Pour son rapport 2018, le Bureau du Vérificateur général a initié une mission de vérification des opérations d’exécution budgétaire effectuées par «Aéroports du Mali» (ADM).

D’importantes irrégularités administratives relevées

En effet, il ressort de cette mission, que la Direction Commerciale des ADM n’applique pas des procédures de suivi et de recouvrement des créances clients. Ainsi, de 2013 à 2017, des clients sont restés avec des créances importantes impayées sans être relancés et sans que leurs dossiers ne soient transmis au service juridique et contentieux. Cela pour une procédure en contentieux. En outre, elle n’a ni élaboré les visites annuelles ni les fréquences de visites clientèles. De plus, elle ne produit pas systématiquement les rapports de recouvrement.

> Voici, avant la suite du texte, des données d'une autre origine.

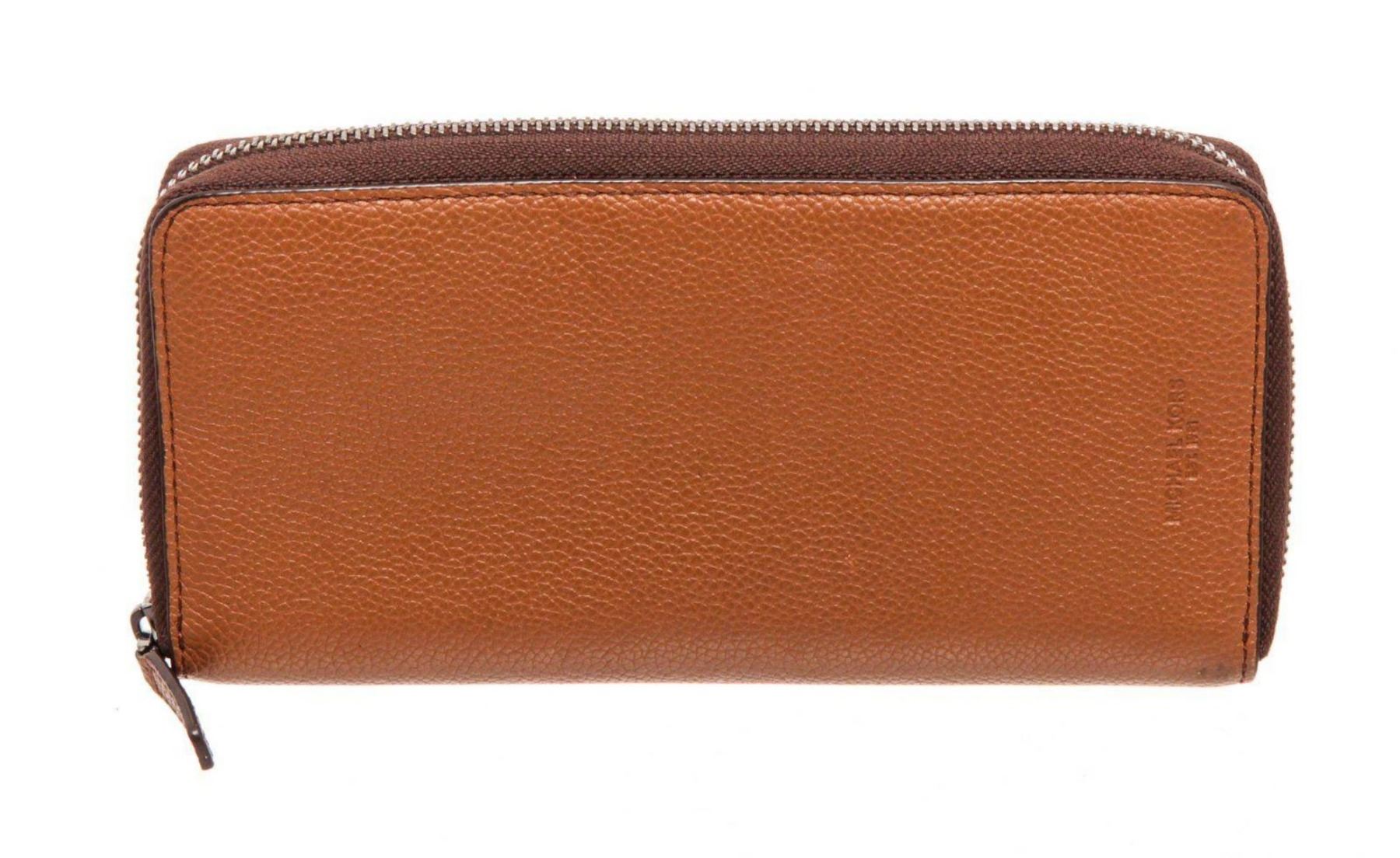 Michael Kors brown leather Jet Set wallet with silver tone hardware, single pocket at back, embossed logo at front, brown leather and canvas interior lining, five interior compartments; one with zip closure, eight cardholder slots and overall zip around closure. Measurements: Length: 8.6 in / 22 cm Width: 1 in / 3 cm 4.6 in / 12 cmCONDITION: Pre-Owned Good overall, please see photographs for detail.
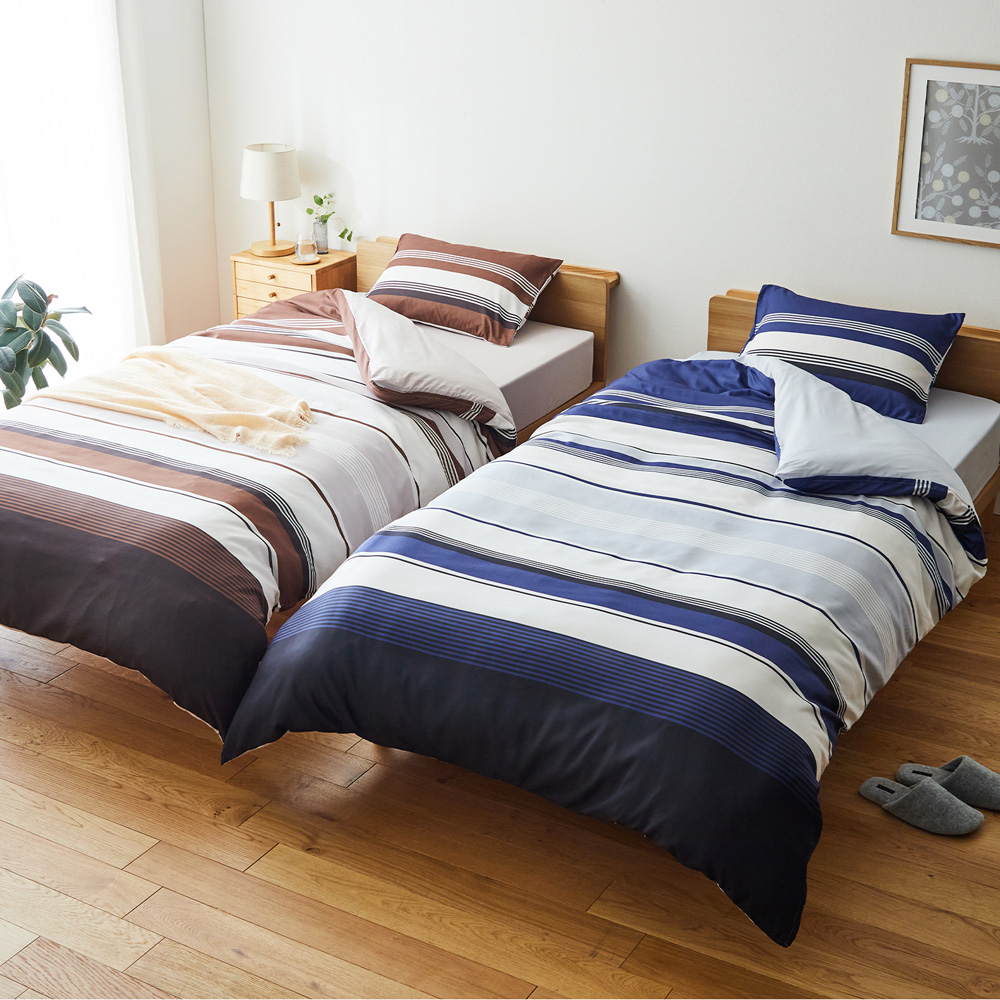 掛け布団カバー、枕カバー、兼用シーツの3点セットでお届け掛布団カバーはボーダー柄でお部屋の雰囲気をシンプルで落ち着いたモダンテイストに(掛け布団カバーの裏地、兼用シーツは、無地カラーになります)選べる2色展開ですお気軽にお洗濯できます

Selon le rapport, en raison de ces faiblesses, Mali Air Express (MAE), une société cliente d’ADM, dont la convention avait été résiliée depuis 2013, a établi un contrat de location d’un espace aéroportuaire avec son partenaire CADG International SARL, qui lui a payé un montant indu de 550 Dollars américains par jour. Le non-respect des procédures de suivi des clients entraîne des retards dans le recouvrement des créances et des pertes de recettes.

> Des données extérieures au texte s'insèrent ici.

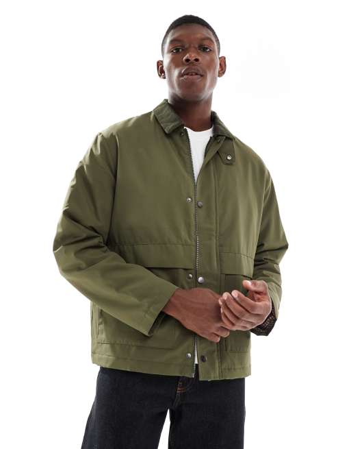 ONLY & SONS – Zielona ocieplana kurtka typu coach ze sztruksowym kołnierzykiem
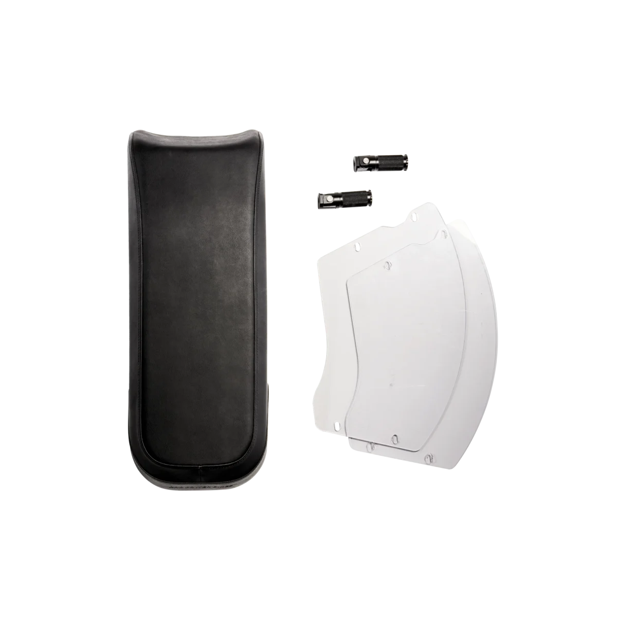 This is a required accessory to be used with the Caboose. It includes the padded rear passenger seat, retractable footpegs, and clear protective wheel skirts to keep small feet safely away from the rear wheel.
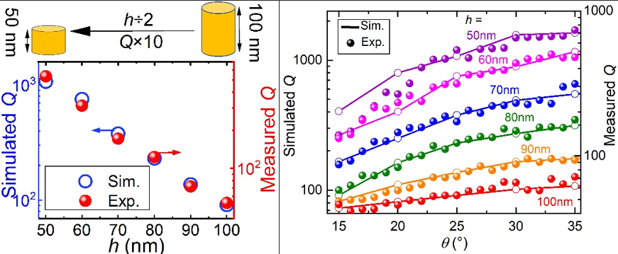 金属纳米柱阵列的高度减半,所支持的面外SLR的品质因子提高一个数量级。随着入射角度增加,面外SLR的品质因子持续提高。
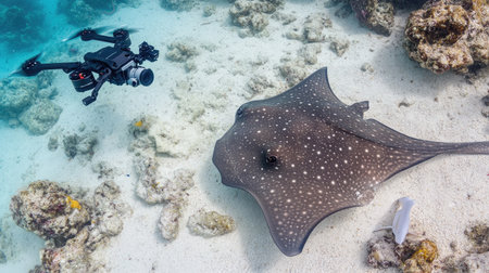 An underwater drone hovers near a majestic stingray on a sandy ocean floor, showcasing the beauty of marine life in its natural habitat.

Aussi, la Direction Administrative des ADM ne respecte pas toujours la procédure de publication des avis d’appel d’offres. En effet, elle n’a pas publié dans un journal d’annonce légale l’avis d’appel d’offres portant sur la réalisation d’un audit de conformité environnementale. La non-publication de l’avis d’appel d’offres viole le principe de transparence, notamment, la libre concurrence face à la commande publique.

Selon le rapport 2018 du Vgal, la Direction Administrative des ADM ne respecte pas les conditions de mise en concurrence. Des acquisitions de biens et services de montant supérieur à 500 000 FCFA et inférieur à 10 millions de FCFA n’ont pas fait l’objet de mise en concurrence, comme l’exigent par le Manuel de procédures des ADM et le Code des marchés publics. Ainsi, sur 516 opérations d’achat, 312 ont été exécutées sans preuve d’une sollicitation écrite qui matérialise la concurrence.

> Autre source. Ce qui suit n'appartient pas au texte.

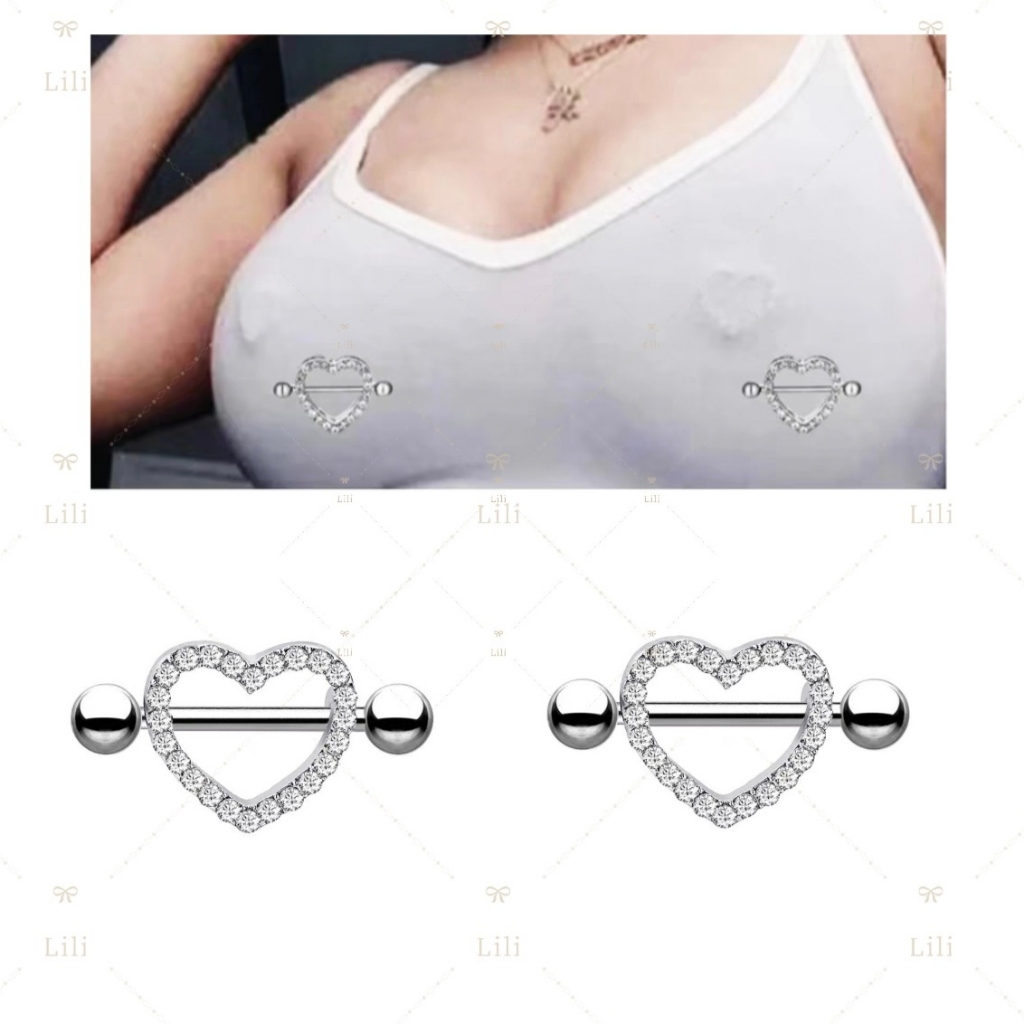 Bem vindo a loja Lili Piercing Mamilo Modelos Coracao Cravejado com Zirconia cristal Material; Aco inox Altura: 17mm Largura coração: 17mm Espessura: 1.2mm Bolinha ; 4mm Comprimento Haste: 16mm Comprimento total: 22mm

Le non-respect des procédures peut entacher la transparence dans le choix du fournisseur et peut donc compromettre les principes d’économie et de libre accès à la commande publique.

En outre, la Direction Administrative des ADM a établi des contrats de marchés irréguliers. Les contrats établis par ADM avec des prestataires ne contiennent pas, notamment, l’acte d’engagement, le bordereau des quantités et le bordereau des prix unitaires. L’absence de ces documents, constitutifs de marché, ne permet pas de s’assurer de l’économie et de l’efficacité dans la conclusion et l’exécution des contrats.

Quant à la Direction Financière et Comptable des ADM, elle ne respecte pas des modalités de paiement. Ainsi, elle a effectué les paiements de trois contrats de travaux, à des personnes physique ou morale, dans des comptes bancaires, différents de ceux indiqués dans les contrats, conventions de nantissement ou actes de cession de créance. Cette pratique viole les clauses contractuelles et expose l’entité à d’éventuels litiges juridiques.

En plus, la Direction Financière et Comptable des ADM n’observe pas la période de garantie. Elle a payé les retenues de garantie sur deux contrats de fourniture avant le terme de la garantie. Cette pratique expose l’entité à des risques en cas de dégradations de l’ouvrage ou du bien livré durant la période de garantie.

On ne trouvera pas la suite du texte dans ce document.